24 Kasım 2023 Cuma

SA10458/KY27-ŞT91: El Medinet'ül Fâzıla: Erdemler Şehri ya da Erdemler Dünyası

Sonsuz Ark/ Evrensel Çerçeveye Yolculuk

"İnsanlığın çok büyük bir zaman kesitinde çok büyük bir kısmına medeniyet öğreten bir kültür ve dinin temsilcileri olarak tarihin bizi getirip bıraktığı durakta mazi, hal ve atimizi yeniden yorumlamak cesaretini ve yeni uygulama biçimlerini ortaya koymak durumunda olduğumuz açıktır."

‘El Medinet'ül Fâzıla’ ya da ‘Erdemler Şehri’… Maveraünnehr’in Farab beldesinde doğan büyük Türk-İslam alimi, felsefeci ve büyük siyaset bilimcisi Ebu Nasr El Farabi’nin tarifiyle, gerek o gün gerekse bugün hasret çekilen bir arayışın kalıplaşmış ifadesidir.
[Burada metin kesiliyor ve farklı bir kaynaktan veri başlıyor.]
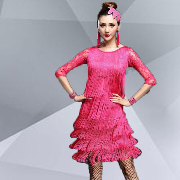 5Cgo 532585525118 成人拉丁舞服演出舞蹈服練功表演服連衣裙镂空新款演出服套裝 GSX83100
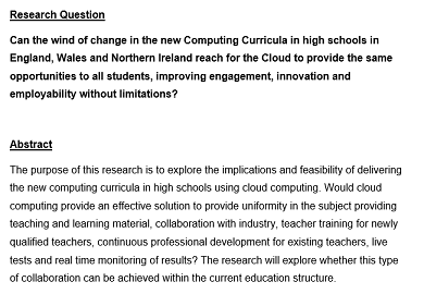 The UK Government introduced new computing curricula into High schools but it is delivered, on the whole, using conventional methods of teaching and, in some cases, by teachers who are not qualified or trained in the subject. I got to thinking – dangerous I know! What if the subject was delivered using Cloud Computing – interlinking experts from all fields within the subject? What impact would it have on the teachers and pupils? What impact would it have on improving engagement, innovation and employability? How would the delivery impact on children from low income families and would it attract more, including more girls, to take the subject and improve the staff shortages in the industry.
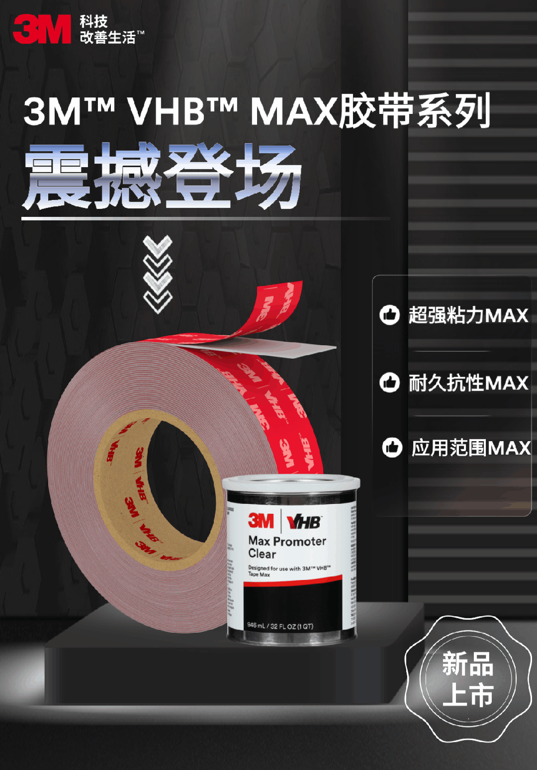 众所周知,3M™ VHB™ 胶带是3M公司在上世纪80年代发明的丙烯酸泡棉胶带,在业界享有很高的知名度,以其强力,高效,持久,美观等特性广泛应用于各个行业。进入2025年,3M即将推出全新的3M™ VHB™ 胶带MAX系列,继续拓展更多更全面的应用场景。
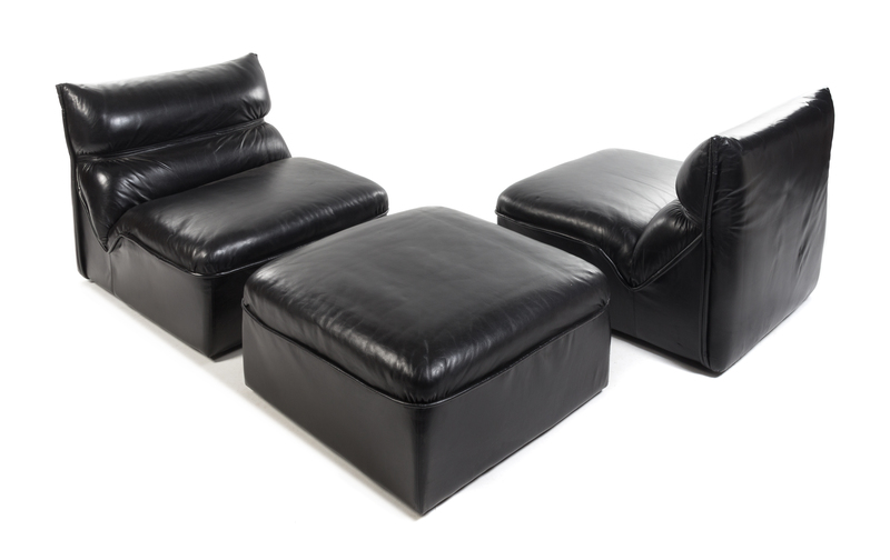 a pair of lounge chairs, with an ottoman
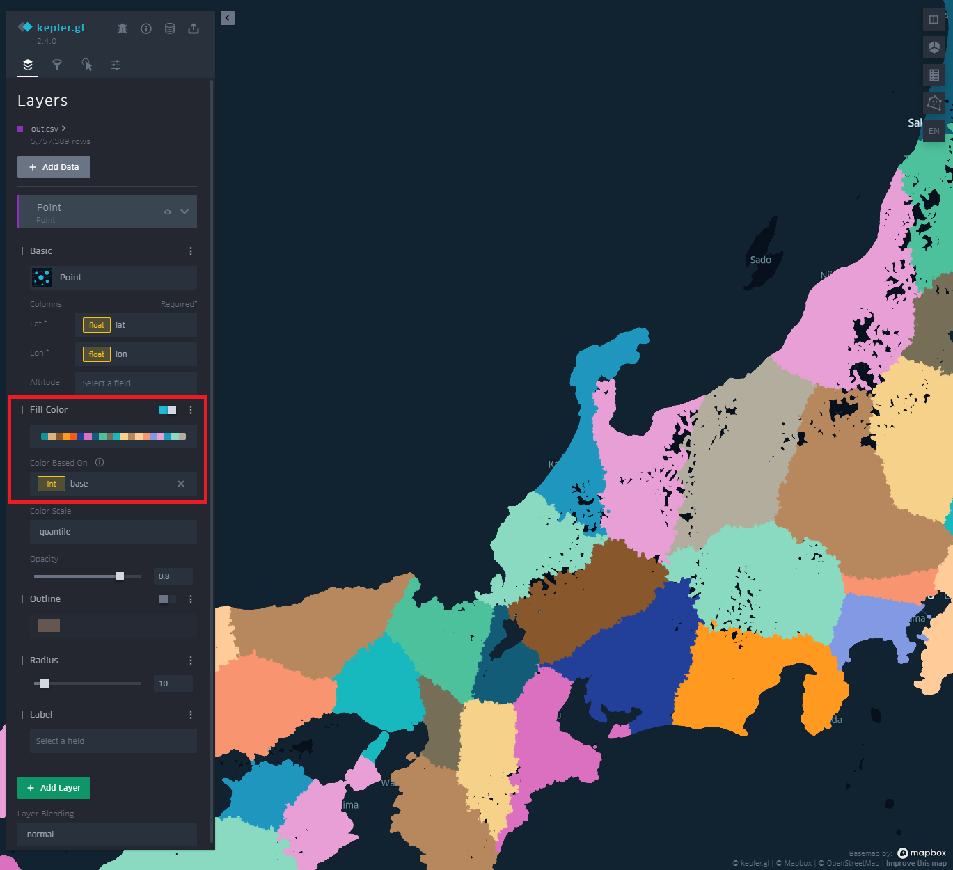 kepler.glのレイヤー設定より、表示する色をbaseによって分けるよう設定すると、各県庁毎に塗分けられます。
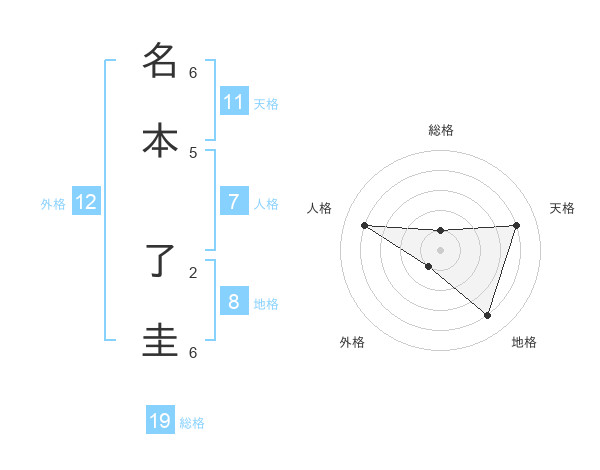 名本 了圭さんの地格は8画の4点!
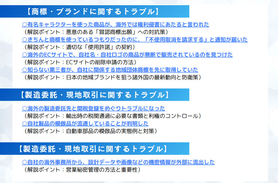 | 対象 | ●海外展開を検討中、または開始して間もない中小企業の経営者・経営幹部・海外展開担当者 ●海外企業と取引を行っている中小企業の経営者・経営幹部・海外展開担当者 ※対象者優先のため、対象外の方、士業・コンサルタントなど 当館が経営の専門家と認める方のご参加は、申込状況により受講をお断りする場合がございます。 |
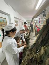 С первых дней начала СВО в Северо- Осетинском медицинском колледже налажена работа по плетению маскировочных сетей. Студентки, проживающие в общежитии колледжа, плетут сети в свободное от учебной деятельности время. В начале сентября к плетению сетей захотели подключиться и учащиеся 45 гимназии. Вместе со своим наставником Шотаевой Жанной Константиновной они в неделю два раза приходят после уроков в колледж и плетут маскировочные сети. Обучают школьников студенты колледжа под руководством Дзукаевой Н.Р. У многих из ребят отцы находятся в зоне проведения СВО. Сегодня учащиеся в военном классе колледжа в торжественной обстановке в присутствии заместителя директора по ВР Гаховой Л.В., преподавателя дисциплины "Основы безопасности жизни и защиты Родины" полковника Гецаева В.А. передали свою первую сплетенную сеть полковнику Цурову Султану для отправки ее на фронт.
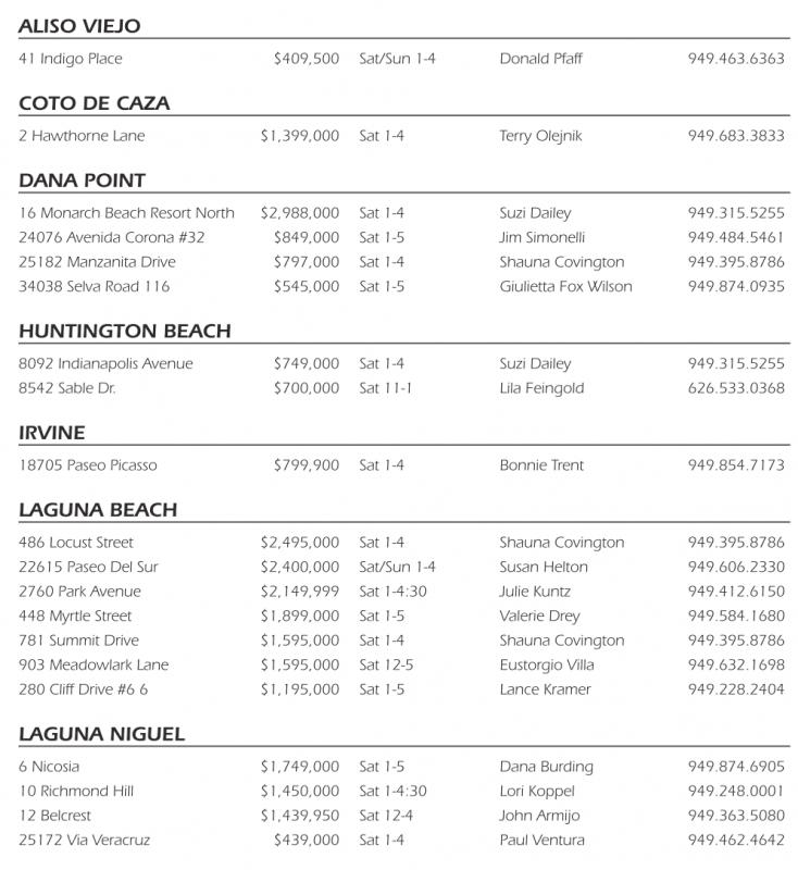 486 Locust Street $2,495,000 Sat 1-4 Shauna Covington 949.395.8786 22615 Paseo Del Sur $2,400,000 Sat/Sun 1-4 Susan Helton 949.606.2330 2760 Park Avenue $2,149,999 Sat 1-4:30 Julie Kuntz 949.412.6150 448 Myrtle Street $1,899,000 Sat 1-5 Valerie Drey 949.584.1680 781 Summit Drive $1,595,000 Sat 1-4 Shauna Covington 949.395.8786 903 Meadowlark Lane $1,595,000 Sat 12-5 Eustorgio Villa 949.632.1698 280 Cliff Drive #6 6 $1,195,000 Sat 1-5 Lance Kramer 949.228.2404
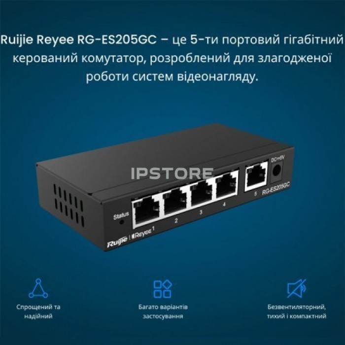 РоЕ-коммутатор Ruijie Reyee RG-ES205GC 5-портовый гигабитный интеллектуальный
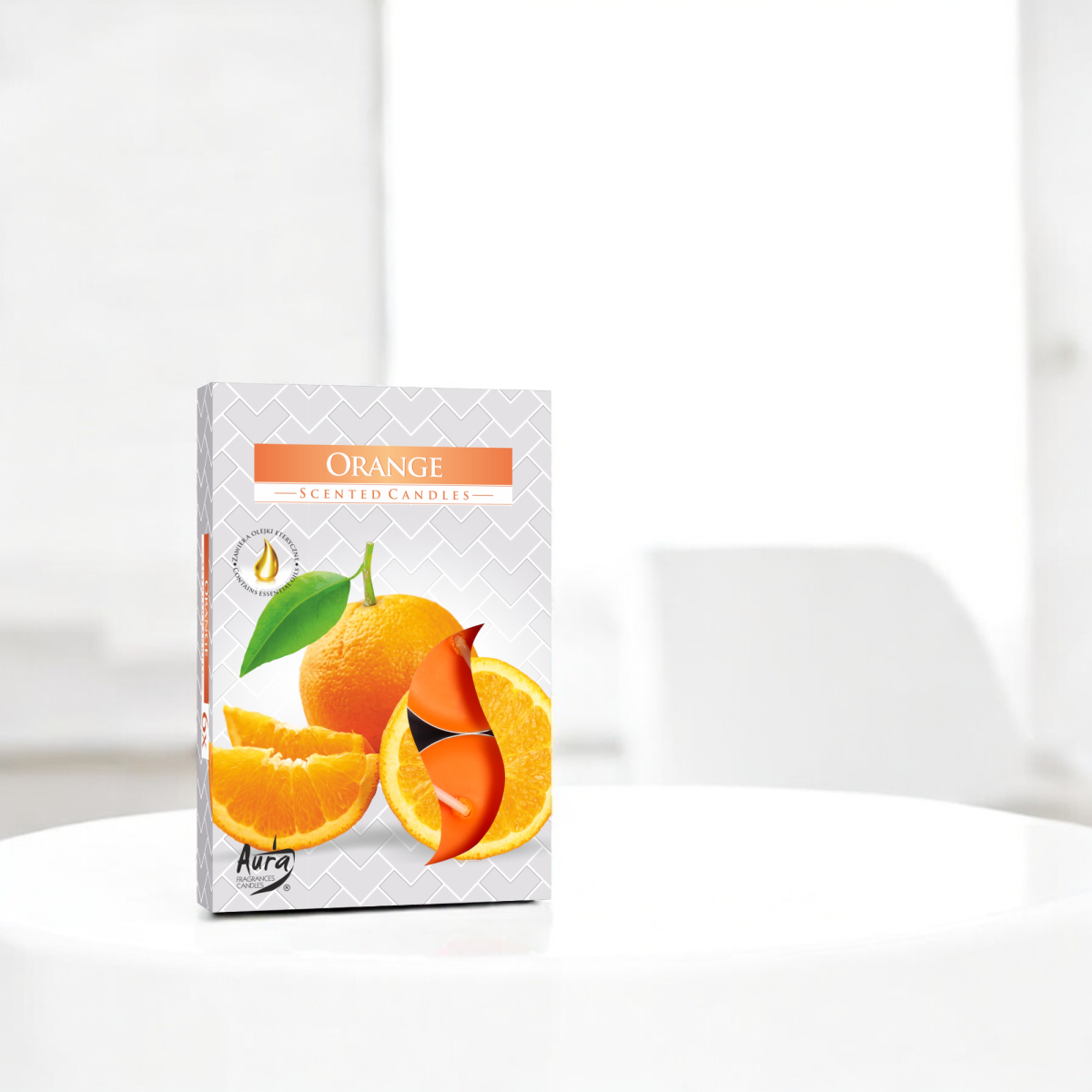 Narancs illatú 6 db-os teamécses szett, mely használatával igazán kellemes atmoszférát teremthetünk adott helyiségben, amely az ünnepi hangulatot is fokozza.

Öyle güzel bir arzu ve öyle güzel bir hayal ki, çağlar boyu insanlığın mutluluk arayışına menzil olmuştur…

Mısırlı edebiyat adamı Menfaluti’nin saadet ve huzuru sokaklarında aradığı ‘Medinetü's Saade’ yani ‘Mutluluğun Kenti’, ‘Saadet Medeniyeti’ de diyebiliriz bu ifade için… 

Sulh ve sükunun, birlikte üretip hakça bölüşümün, yardımlaşmanın, adil idareye itaatin, bulduğuna sevinmeyen, yitirdiğine üzülmeyenlerin, takdir olunanla yetinenlerin ülkesi demektir El Medinetü'l Fazıla…

Veyahut da ‘Maruf’un harç olup kerpiç olup kucakladığı duvarlarından, kapılarından içeriye ‘Münker’ olanın uğramaya cesaret edemediği haneler beldesidir…

Birlikte yaşamayı kendi tarihsel sürecinin bir mecburiyeti olarak algılamaktan ziyade, bir istek ve beceri olarak görenlerin yaşamaya layık oldukları coğrafyalardır böyle beldeler, şehirler ve ülkeler…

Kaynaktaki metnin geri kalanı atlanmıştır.